Drug Development

Nicolas R Barthélemy; Yingxin He; Brendan Androff; Yan Li; Thi Liên-Anh Nguyên; Patrick Downey; Eric McDade; Randall J Bateman

doi:10.1002/alz.089980

Drug Development

Alzheimers Dement. 2024 Dec:20 Suppl 6:e089980. doi: 10.1002/alz.089980.

Authors

Nicolas R Barthélemy^{1

2}, Yingxin He^{1

2}, Brendan Androff¹, Yan Li¹, Thi Liên-Anh Nguyên³, Patrick Downey³, Eric McDade¹, Randall J Bateman^{1

4}

Affiliations

¹ Washington University School of Medicine, St. Louis, MO, USA.
² The Tracy Family SILQ Center, St. Louis, MO, USA.
³ UCB Pharma, Braine-l'Alleud, Belgium.
⁴ The Tracy Family SILQ Center, Washington University School of Medicine, St. Louis, MO, USA.

PMID: 39782633
DOI: 10.1002/alz.089980

Abstract

Background: Alzheimer's disease neuropathology involves the deposition in brain of aggregates enriched with microtubule-binding-region (MTBR) of tau adopting an abnormal conformation between residues 306-378 in the core of aggregates. Anti-tau drugs targeting around this domain have the potential to interfere with the cell-to-cell propagation of pathological tau. Bepranemab is a humanized monoclonal Ig4 antibody binding to tau residues 235-250. Previous studies showed this antibody binds to tau monomers; inhibits tau seeding in cellular assay and prevents tau pathology spread in a mouse model. The target engagement of bepranemab in human biofluids is unknown. This study aims to characterize cerebrospinal fluid (CSF) tau species binding to this antibody.

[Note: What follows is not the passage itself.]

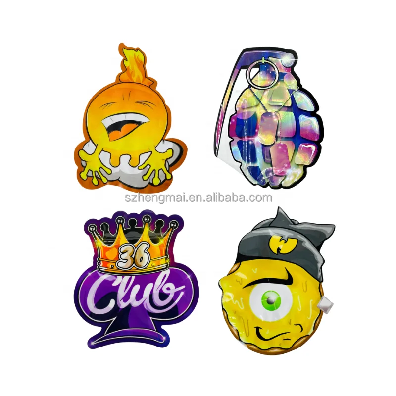 ITEM Custom Printed Packaging New Baggies 3.5g Unique Special Die Cut Shaped Mylar Bags Resealable Zipper Pack Mylar Bags Holographic
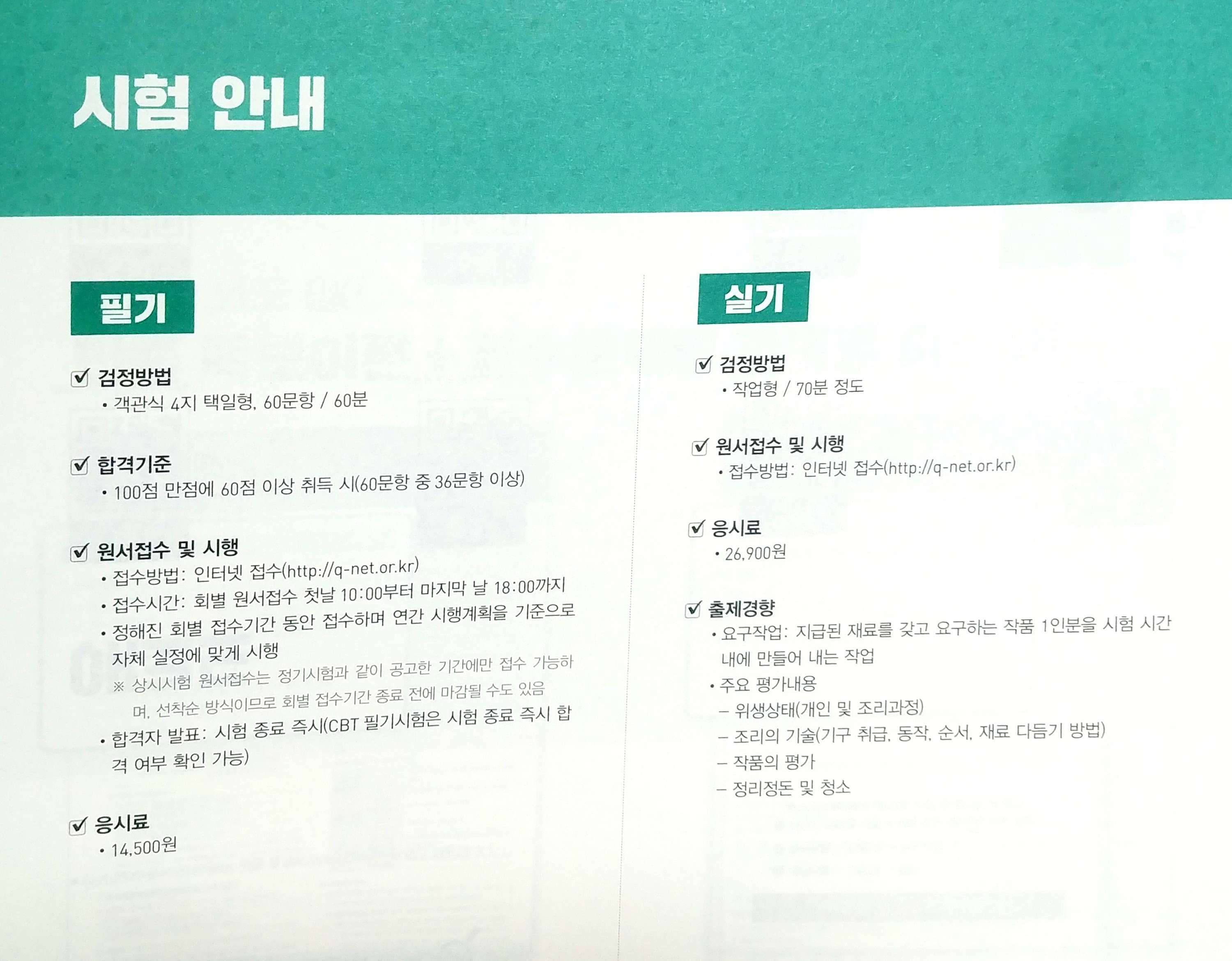 한식조리 기능사 자격증은 가장 먼저 도전하는 요리 분야 입문, 국가기술자격증이다. 시험은 객관식 4지 택일형 60문항을 60분 안에 풀어야 하는 필기와, 주어진 재료로 요리를 만들어내는 실기로 나뉜다. 실기는 20분에서 50분까지 소요되는 요리를 알려준다. 출제되는 두 과제는 실기 시험 시간 합이 60~70분이 되도록 조합하여 연습해야 한다. <필기 응시료: 14,500원 / 실기 응시료: 26,900원)

Methods: We used mass spectrometry (MS) to characterize CSF tau species precipitating with bepranemab cross-linked to sepharose beads. Precipitated CSF tau species were digested with trypsin and tau peptides were quantified by signal comparison to peptides from tau labeled standard. We characterized and compared the amount of bepranemab-reactive tau species recovered from neat CSF and from CSF initially depleted from N-terminal and Mid-domain truncated tau species. Then, we analyzed Bepranemab precipitates in CSF samples from 14 asymptomatic dominantly inherited Alzheimer's disease (DIAD) mutation carriers (aMC), 16 symptomatic (sMC) and 15 non-carriers (NC).

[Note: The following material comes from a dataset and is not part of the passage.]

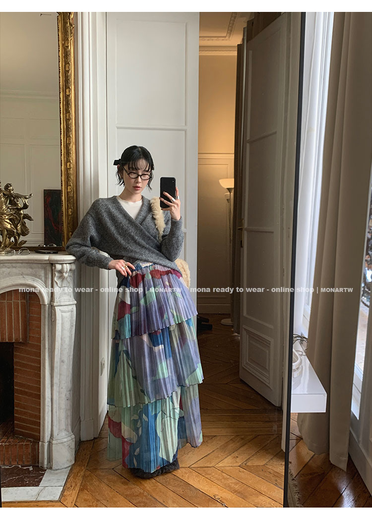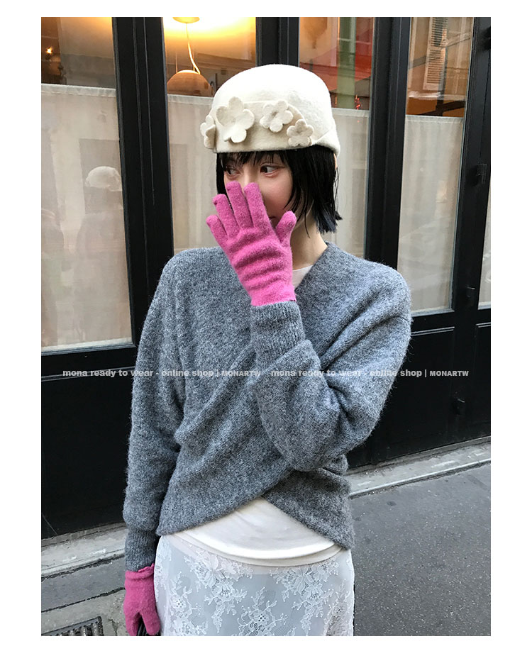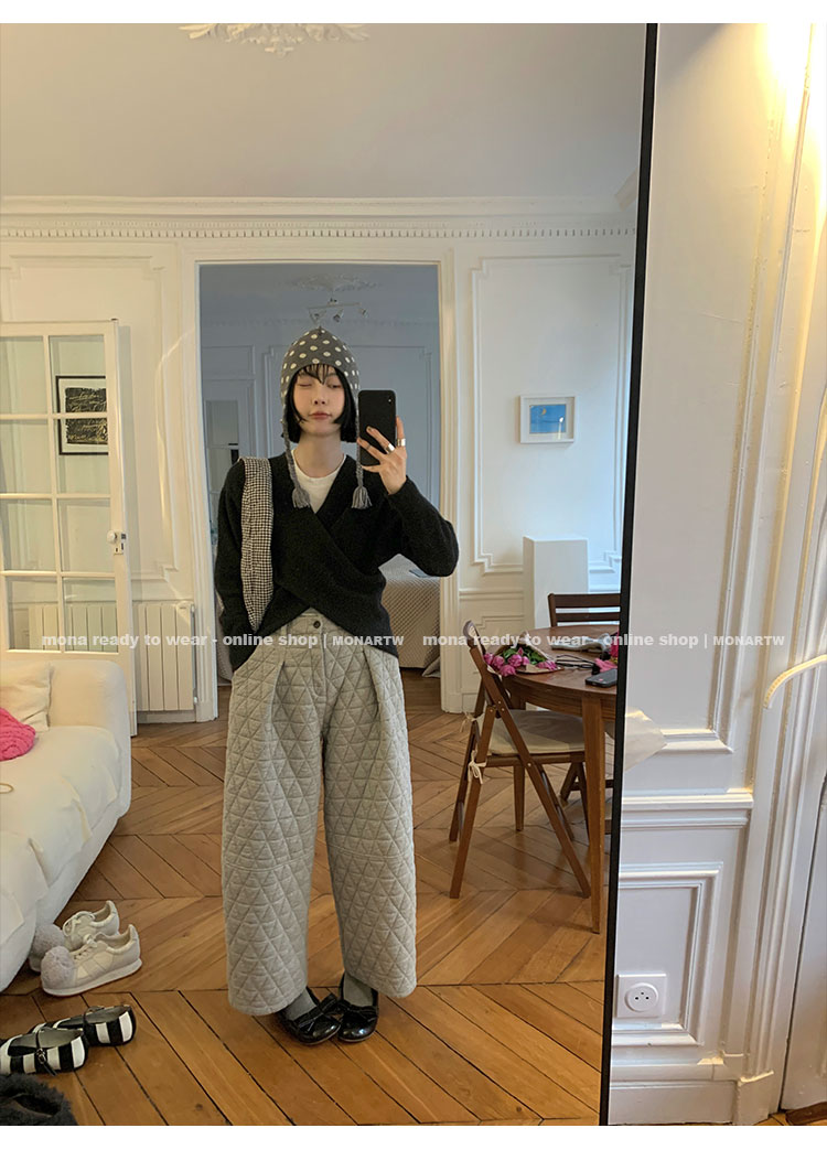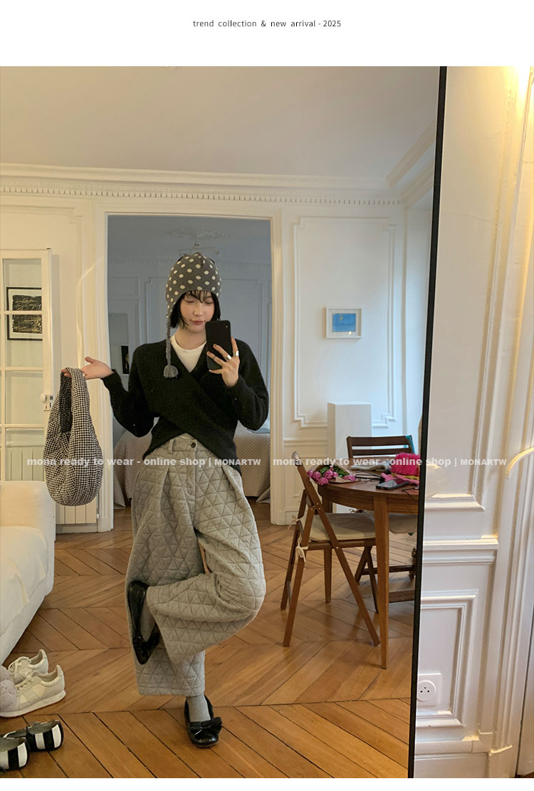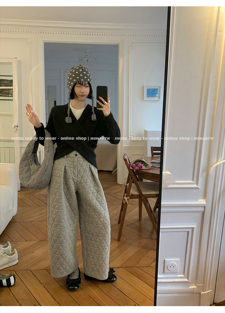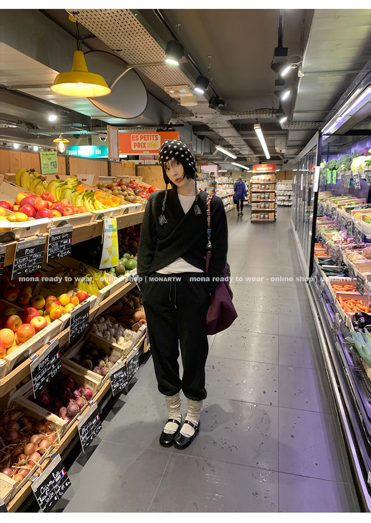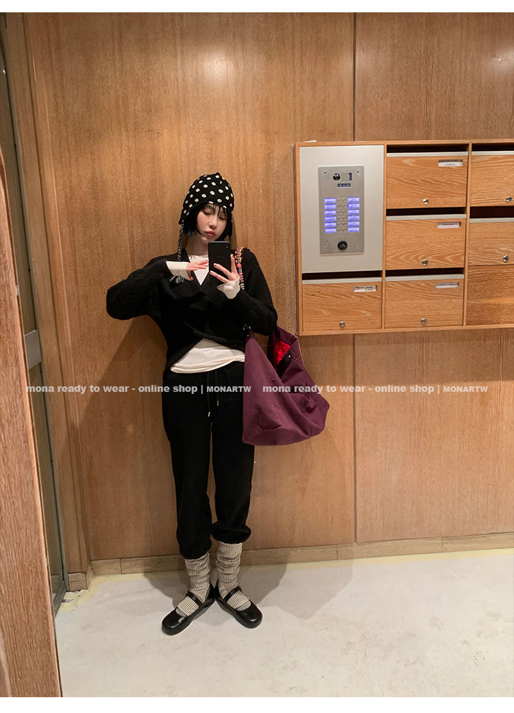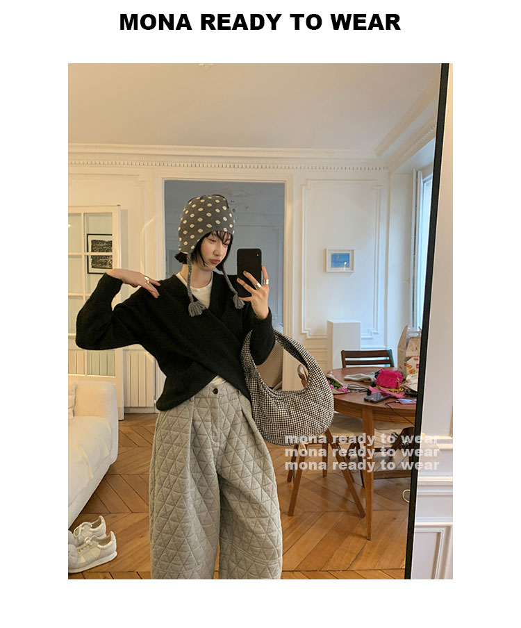 MONARTW Cross-Collar V-neck Waist Knit Sweater

Results: Bepranemab bound to a mixture of CSF N-terminal and Mid-domain tau-truncated fragments including mainly 226-254 tau residues on their C-terminal domain (Figure 1). Bepranemab-reactive species not containing the N-ter and the Mid-domain of tau were mostly comprised of fragments including tau residues 226 to 267. Minor bepranemab-reactive tau species contained tau residues 275 to 290 on their C-terminal. Tau peptides after residues 317 were not detected above the MS limit of detection. In DIAD, the pool of bepranemab-immunoreactive CSF tau fragments significantly increased in asymptomatic and symptomatic mutations carriers respectively (Figure 2).

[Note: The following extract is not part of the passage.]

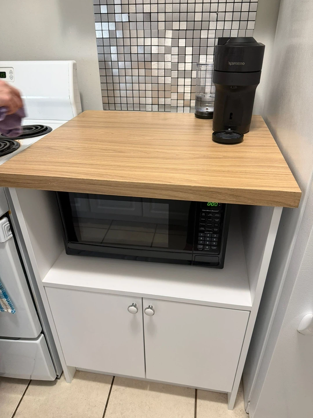 This kitchen stand features a microwave shelf and a two-door cabinet below for storage. It has a durable wood-look countertop surface. Perfect for organizing your kitchen appliances and essentials!
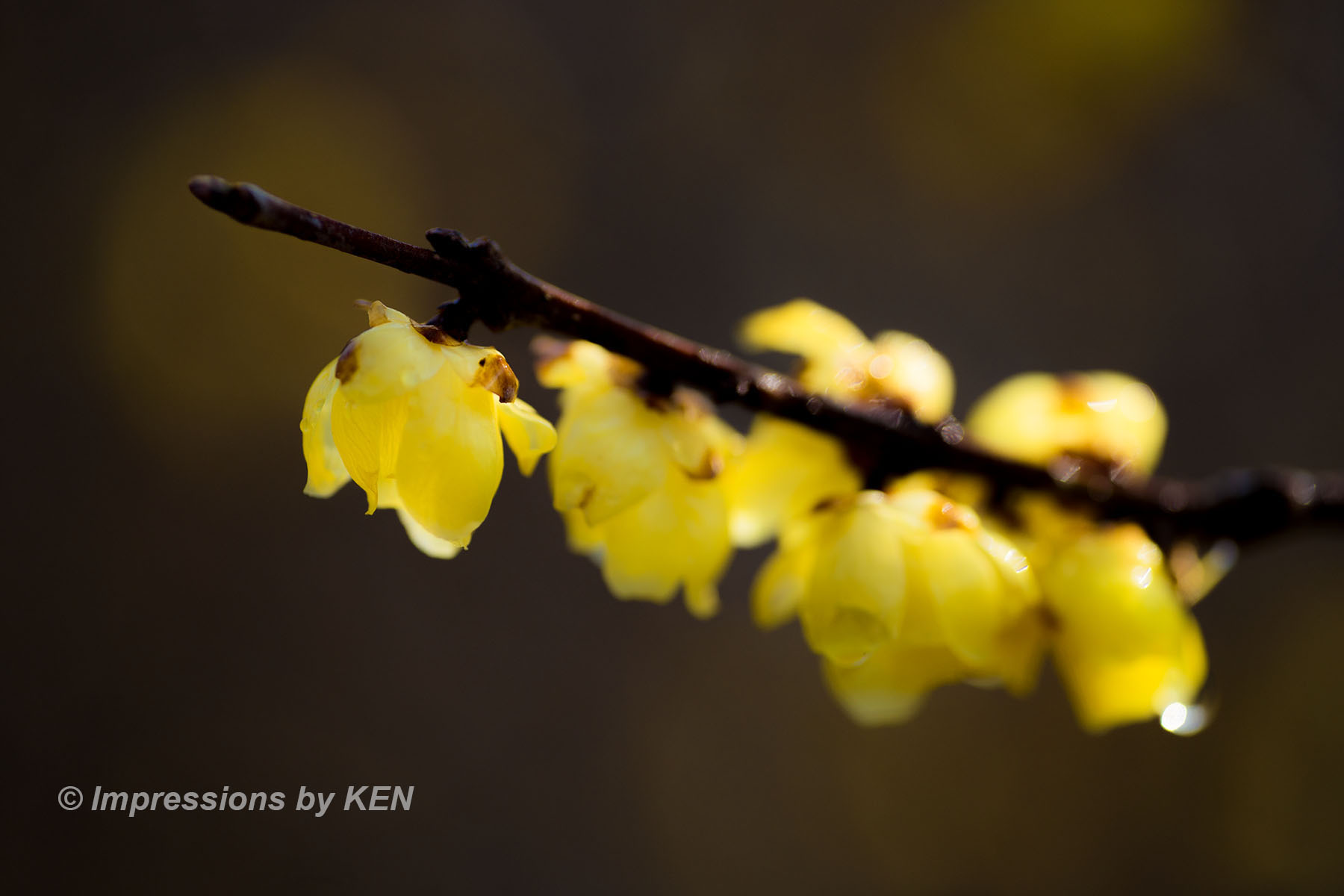 更に花に寄って、ロウバイの表情を捉えてみました。朝露が残り、爽やかな感じです。

Conclusions: The pool of CSF tau species included a subset of tau MTBR-containing fragments recovered by bepranemab. A minor fraction of these fragments had domains overlapping with the upstream domain constituting the AD tau aggregate core. These fragments increased over DIAD stages. Our study supports bepranemab engagement against a specific pool of tau species in CSF. This work was sponsored by UCB.